# Daga IV - 4 stroke IC engine



## iszczyg (Nov 12, 2013)

Hi, 
I have just finished my fourth project: 4 stroke internal combustion engine based on Jan Ridders plans. 

I have finished the engine in the beginning of this year, but since I've made a lot of mistakes, I had many problems with starting the machine. Finally, it is finished and works fine. I'm going to capture the engine operation with high speed camera. 
The movie:
[ame]http://www.youtube.com/watch?v=__Vxd0gtMkE[/ame]

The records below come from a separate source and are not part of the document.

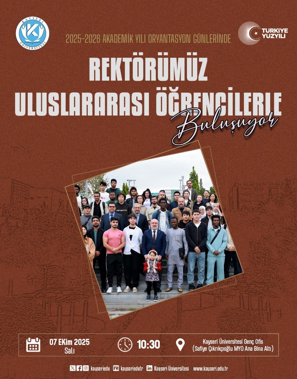 07 Ekim 2025 tarihinde düzenlenen Rektör-Yabancı Uyruklu Öğrenci Buluşması'na Öğrenci İşleri Daire Başkanlığı olarak katılım sağlayarak yabancı uyruklu öğrencilere Birimimiz hakkında bilgilendirme yapıldı
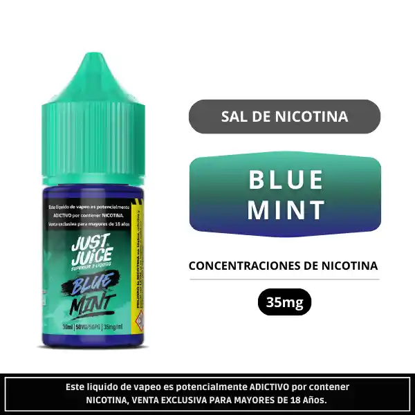 Just Juice Blue Mint Salt 30ml es una sal de nicotina de 30ml que combina frambuesa azul con menta fresca, logrando un perfil equilibrado entre dulzor frutal y frescura limpia. Formulación 50VG50PG, ideal para pods, con 35mg de nicotina.
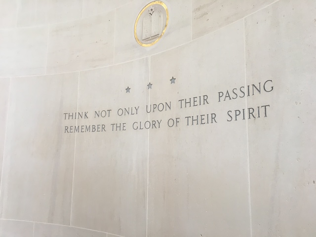 At the heart of the cemetery stands a bronze statue, “The Spirit of American Youth Rising from the Waves.” This is a statue of a young man with face turned upward and eyes open. The statue captures the strength of a generation who gave everything before their lives had fully begun.

Jan, thank you for the advices!

Best regards
Irek


----------



## gbritnell (Nov 12, 2013)

Congratulations Irek,
It looks like you have the problems sorted out quite well. The engine starts and runs fine. I would think that this particular engine was quite a challenge for your first I.C. engine.
gbritnell


----------



## GailInNM (Nov 12, 2013)

Irek,
Very nice engine.  Looks good and runs well.  Congratulations.
Gail in NM


----------



## Cogsy (Nov 12, 2013)

Looks great, runs great and watching the combustion is extremely cool. Congrats on a job well done.


----------



## PeterB (Nov 18, 2013)

Nice engine!
Can you tell me about your ignition system. I'm building jan Ridders 4-stroke with rotating valve and don't know anything about the ignition system.


----------



## iszczyg (Nov 18, 2013)

Thanks all for the kind words!
The diagram of the ignition system is shown in the Jan Ridders page. It bases on the electronic gas lighter. I have noticed, that it works better with the 2V supply, so I have used two AA rechargeable batteries  (1.2V each) with 1.2 Ohm/2W resistor.
http://ridders.nu/Webpaginas/pagina_blokker_vonkcircuit/blokker_crcuit_frameset.htm

Best regards
Irek




PeterB said:


> Nice engine!
> Can you tell me about your ignition system. I'm building jan Ridders 4-stroke with rotating valve and don't know anything about the ignition system.


----------



## PeterB (Nov 20, 2013)

Thanx! I will try to understand how it works


----------